My father, a man who is not openly affectionate, hugged me every morning and asked me how I slept, knowing that I hadn’t. An accomplished surgeon, he diagnosed my grief before anyone else, saying only once the exact words I needed to hear. Ironically, my boyfriend had said them, too, just before he said those other words. But I hadn’t believed them until I heard my father, the most practical, hopeless romantic I know, say them aloud: “This isn’t your fault.”

My mother, a pragmatist in the art of feelings, forced upon me exactly what I didn’t want: to trash all evidence of him. She dragged me back into my apartment to do it – a feat that I now thank her for profusely. Because when I came home after the weekend, dreading the pictures, the mementos, the knick-knacks and the nostalgia, I realized they had been tossed. I sighed a good long sigh. Equal parts relief, pain and guilt.

For two weeks after that, I lived like I had fled the fever, only to battle the cold: getting out of bed, eating, drinking, sleeping felt foreign but necessary; I plunged into my work, staying late night after night trying to ignore what felt like a weighted shadow living beneath my breastbone. I talked to girlfriends over glasses of wine, nodded politely, genuinely appreciated the sympathy, but knew that it would not help me forget: “You’re not the one.”

The even more terrifying question lurking ominously beneath the surface of my grief was: What if I will never be somebody’s “one?”

Needless to say, I also drank a lot. And then, about 2½ weeks later, something happened.

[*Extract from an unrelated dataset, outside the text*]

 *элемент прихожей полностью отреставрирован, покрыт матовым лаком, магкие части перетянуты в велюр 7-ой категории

Having lunch with a friend, he brought up the topic of closure. He wanted to know if I wanted – needed – closure in order to move on; to live life without regrets, as he put it. He implied that I would never find peace until I found answers to questions such as, “Why did you leave me?” and “What did I do wrong?”

I perked up, suddenly incensed, angry without knowing why. My answer shot out so fast it surprised us both: “No, I don’t need closure! I’m not the one. That’s all there is.”

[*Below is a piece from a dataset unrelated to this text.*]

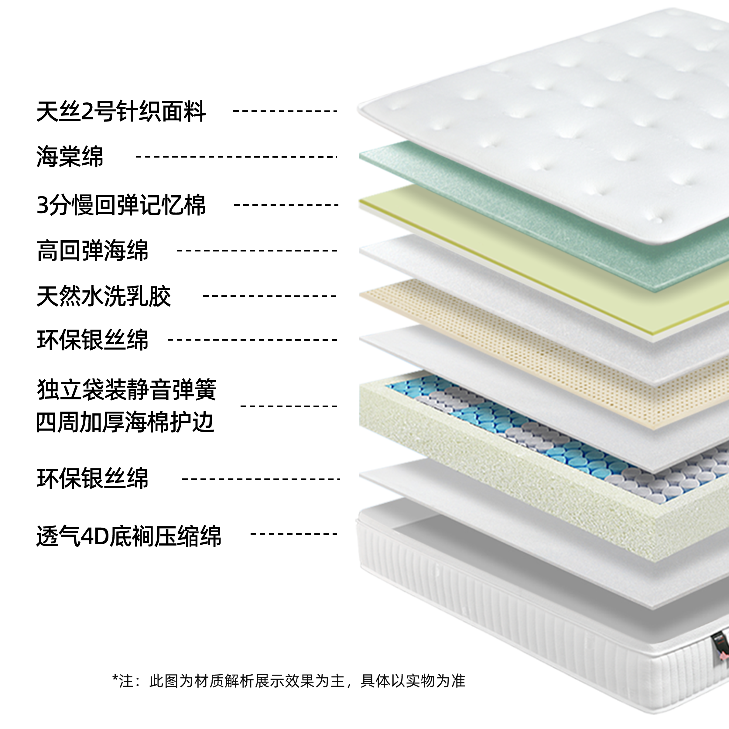 | A1209 | 180*200cm | 美金邦-养生 | 天丝针织面料+水洗乳胶+记忆棉+独立袋装弹簧 |

I am a hopeless romantic. I have always believed in love. And now I know that I always will. I had been terrified about the possibility of being unloved, or even worse, being unlovable. But I know now that hearing “You’re not the one,” simply means “You’re not the one for me.”

My old boyfriend had tried to tell me that – he just sucker-punched my heart too hard for me to hear. Love isn’t always to be found everywhere, but hope is. And hope was what I regained in dismissing the need for closure. I was reminded of it again and again over the next few weeks. In praise from my colleagues; in my new forays into cooking; even in a slightly awkward but honestly adorable first-date proposal that came via e-mail. Hope is what I never lost, and what ultimately gave me back to myself.

Like a shadow that shrinks from the sunlight, my apprehension faded day by day, and, finally, disappeared altogether. I will always be someone, even if I don’t ever happen to be somebody’s.

Later, that first-date became a proposal of marriage; underneath a sweeping willow tree, on the bank of the Credit River, with the October sun making diamonds all around us. And there were no shadows of any kind.

Elena Saplys Krakowski lives in Mississauga.